# Rhino Plecos



## Canadian Fish (Feb 12, 2012)

Anyone here keep one of these? I have read they can live in a community, and won't necessarily destroy plants. But then I also hear the opposite. I haven't found a ton of into on this fish. Usually I find half a dozen profiles to compare but I haven't found that much on this guy.

I already keep bristlenose plecos and I want something different for the big tank.

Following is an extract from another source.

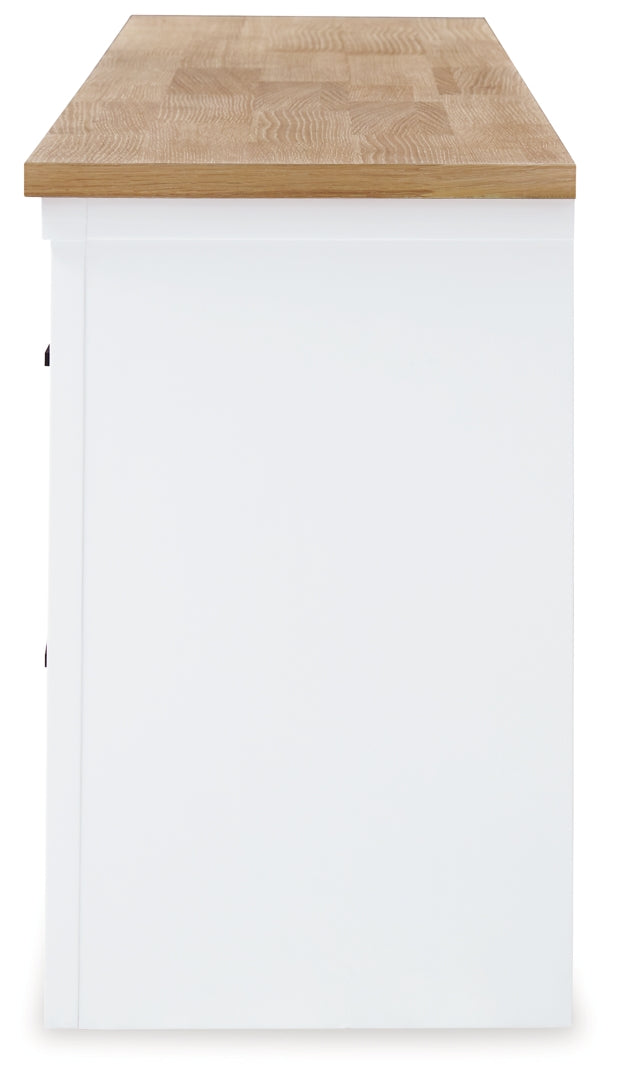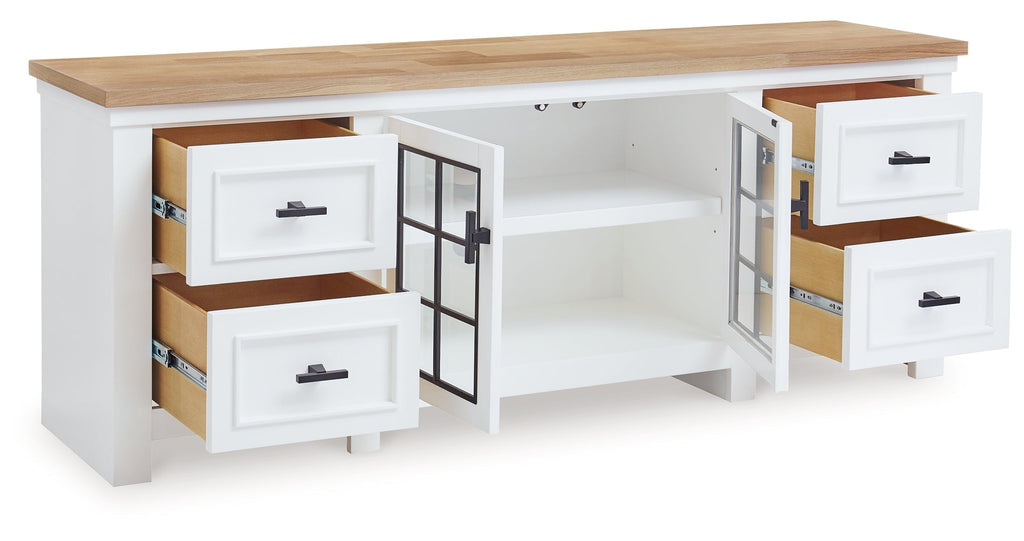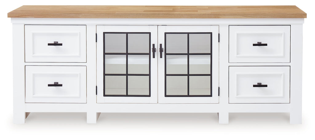 Casual style with substance. This two-tone TV stand raises the bar on comfortably cozy design. A sturdy silhouette with a butcher block oak veneer top, classic white finish and contemporary black metal hardware exudes modern farmhouse vibes. The spacious cabinet, display shelves and drawers let you tuck away entertainment essentials while displaying treasures in this charmingly curated piece. Cutouts for wire management help keep the look relaxed and uncluttered.
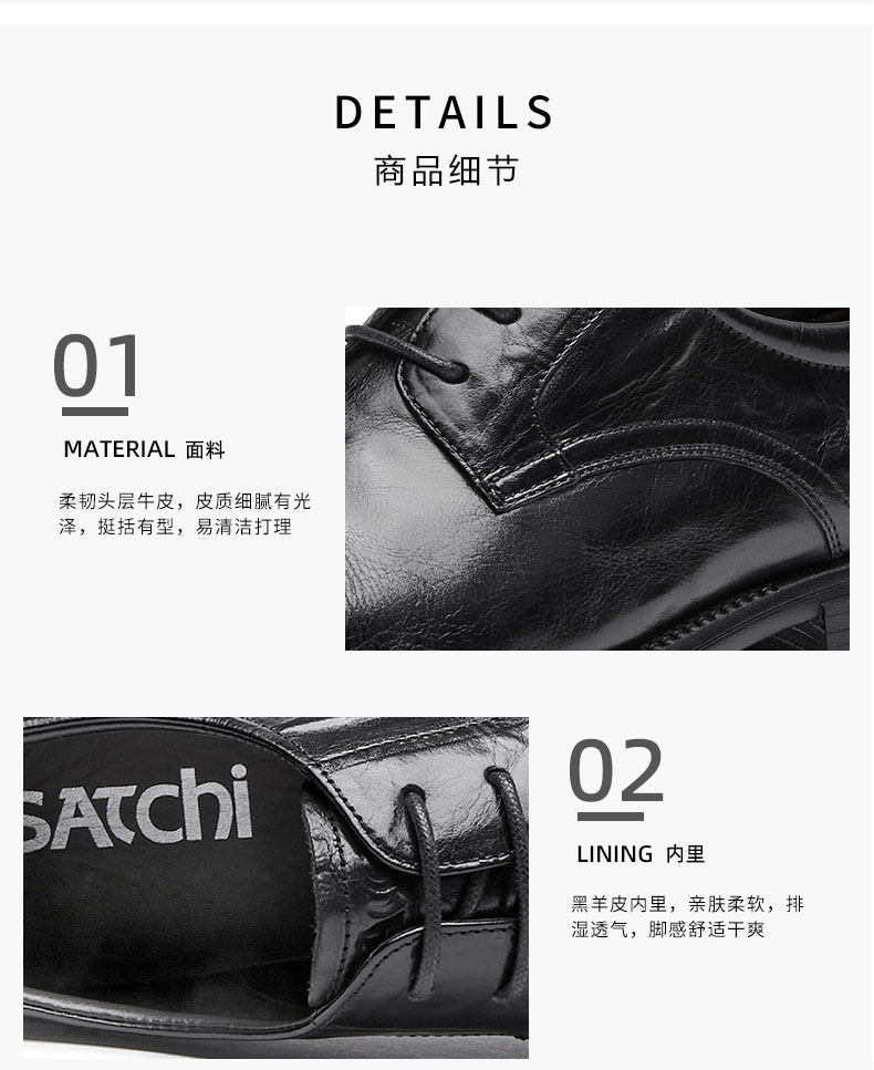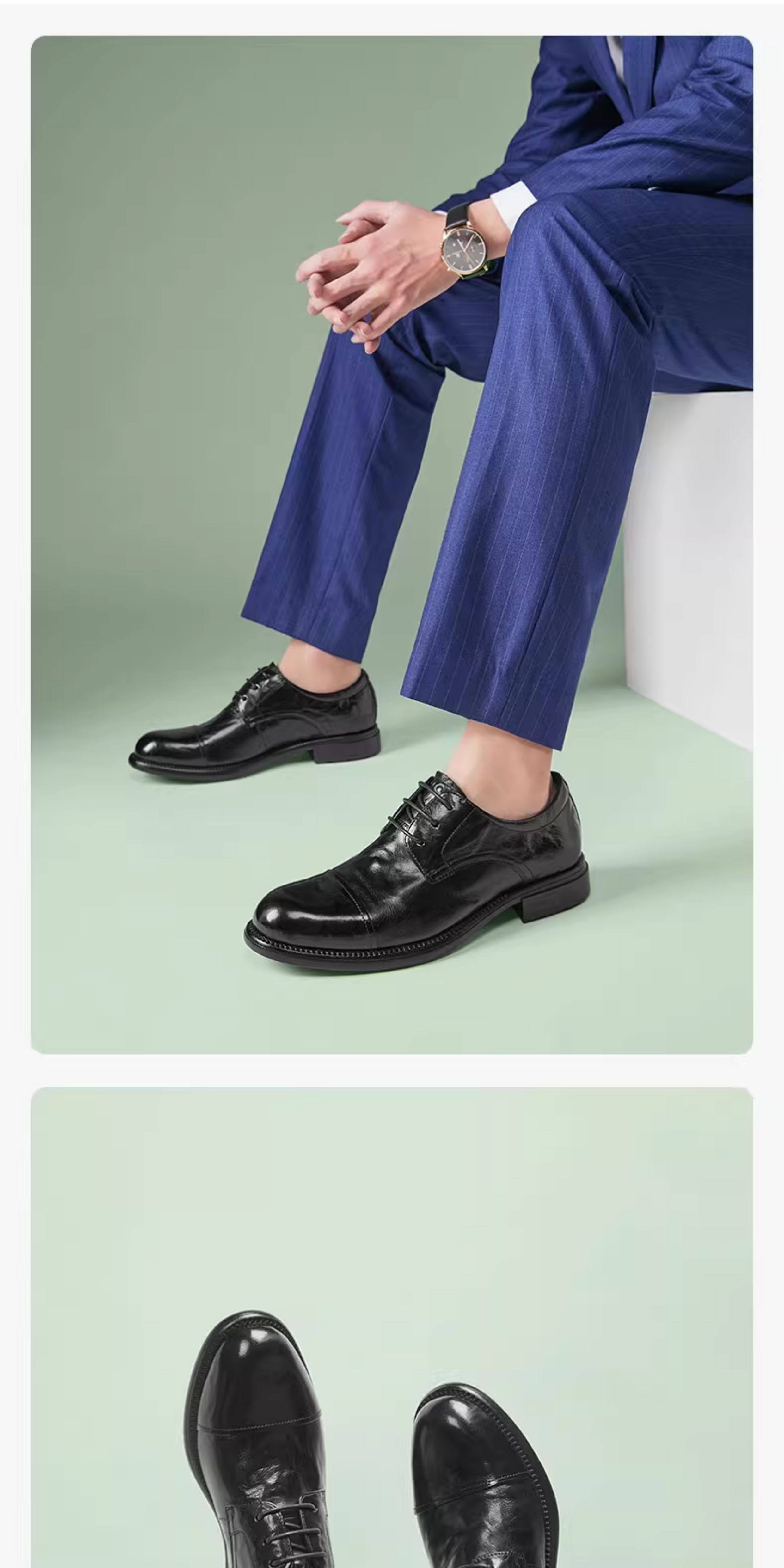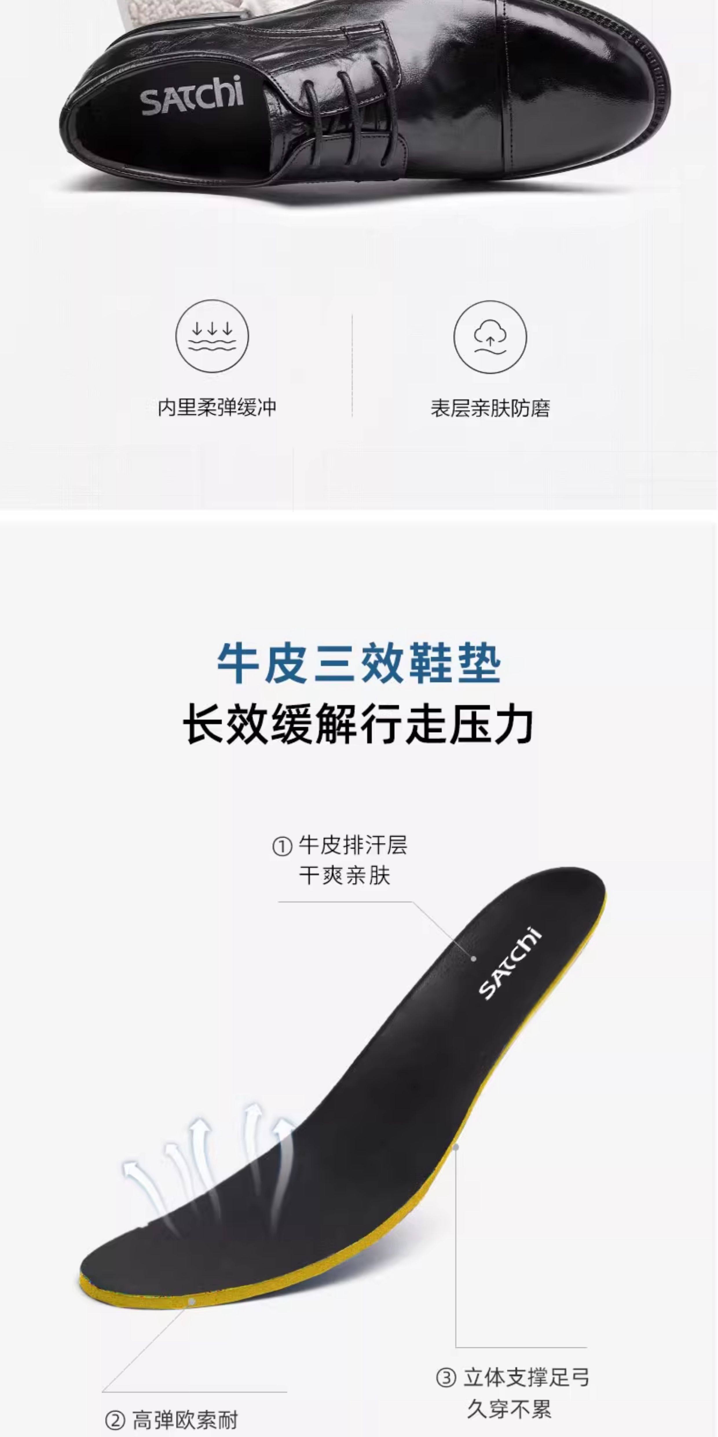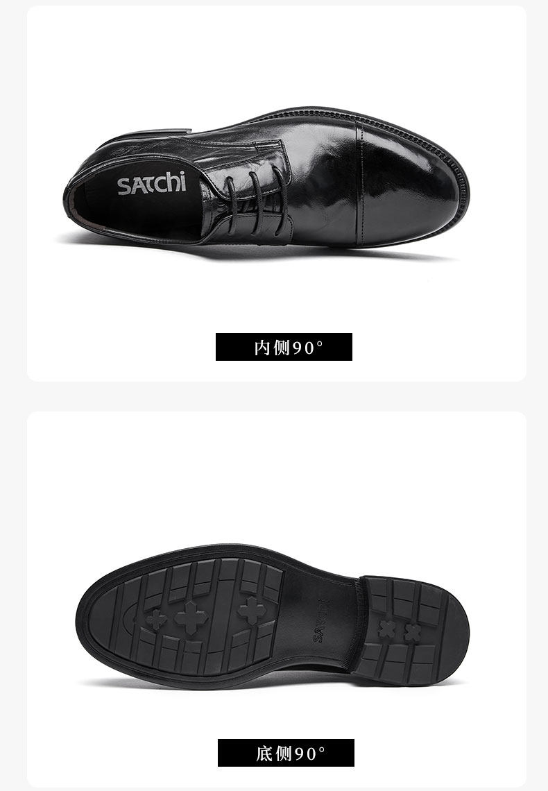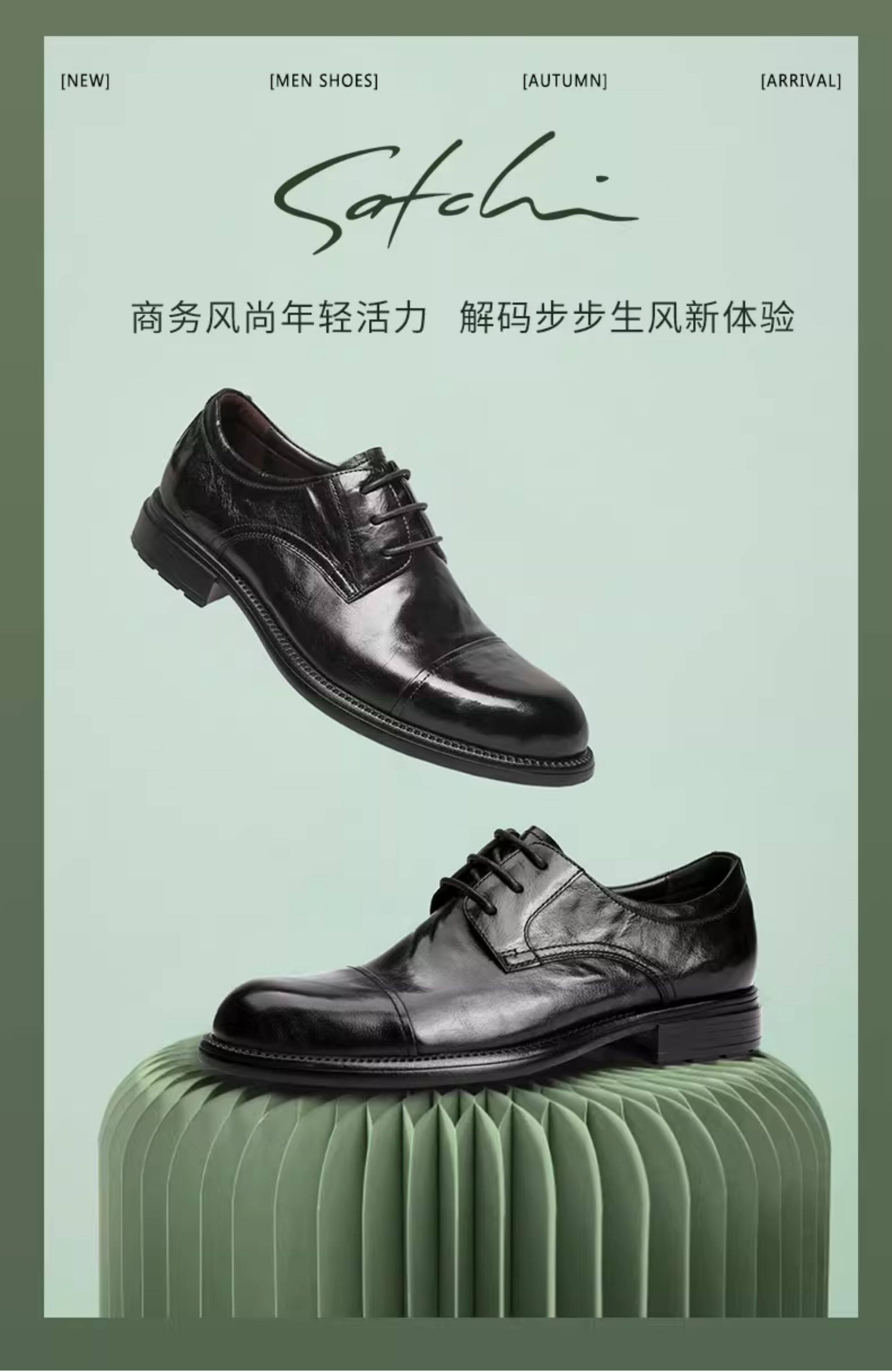 Sachi Men's Shoes 2026 Spring New Fashion Formal Business Derby Shoes with Textured Surface and Three-Panel Design, Fleece-Lined Leather Shoes for Men

They have a big Rhino Pleco at my LFS right now.


----------



## Byron (Mar 7, 2009)

I've never had one, so I will give you a link to reliable data:
Pterygoplichthys scrophus • Loricariidae • Cat-eLog

They eat and tear up plants it says.:shock: Thinking of your beautiful 6-foot tank that will be beautiful no longer.:-(


----------



## Canadian Fish (Feb 12, 2012)

Byron said:


> I've never had one, so I will give you a link to reliable data:
> Pterygoplichthys scrophus • Loricariidae • Cat-eLog
> 
> They eat and tear up plants it says.:shock: Thinking of your beautiful 6-foot tank that will be beautiful no longer.:-(


LAME! I was worried about that, lol. My planted tank is coming along nicely so I can't risk something eating and tearing up my plants. That's why I went with tetras instead of barbs. 

I need an algae eater though. Any plecos besides bristlenose that won't destroy my plants, that you are familiar with? 

I think I'll get some Siamese Algae Eaters (not Flying Foxes) but I would really like a pleco. Maybe I'll just have to get a handful of Bristlenoses. I will never see them in all that dark driftwood. 

The girl at the LFS said the Rhino has been living with plants and discus and hadn't disturbed either. The last time we were there the wife saw it move for the first time. It usually doesn't do much. 
This is probably one of those instances where I want to believe my LFS simply because what they're telling me fits with what I want. :-(


----------



## Freshcatch (Aug 8, 2012)

Canadian Fish said:


> This is probably one of those instances where I want to believe my LFS simply because what they're telling me fits with what I want. :-(


This is usually the time to go with the gut feeling as well.


----------



## JDM (Dec 9, 2012)

"This is probably one of those instances where I want to believe my LFS simply because what they're telling me fits with what I want."

I call that "curve fitting". 

If the LFS will take the fish back if it doesn't perform as advertised and you really want it, it can't be that bad to see if it will be OK in your tank. The LFS I am now starting to frequent take fish back for a credit exchange (about 1/3rd depending upon a few factors) even if they just get too large for the tank. I was there the other day and some guy came in with a huge goldfish in a pail that he was just going to flush and they took it without any problem... I don't think that he was even a previous customer let alone bought that fish there.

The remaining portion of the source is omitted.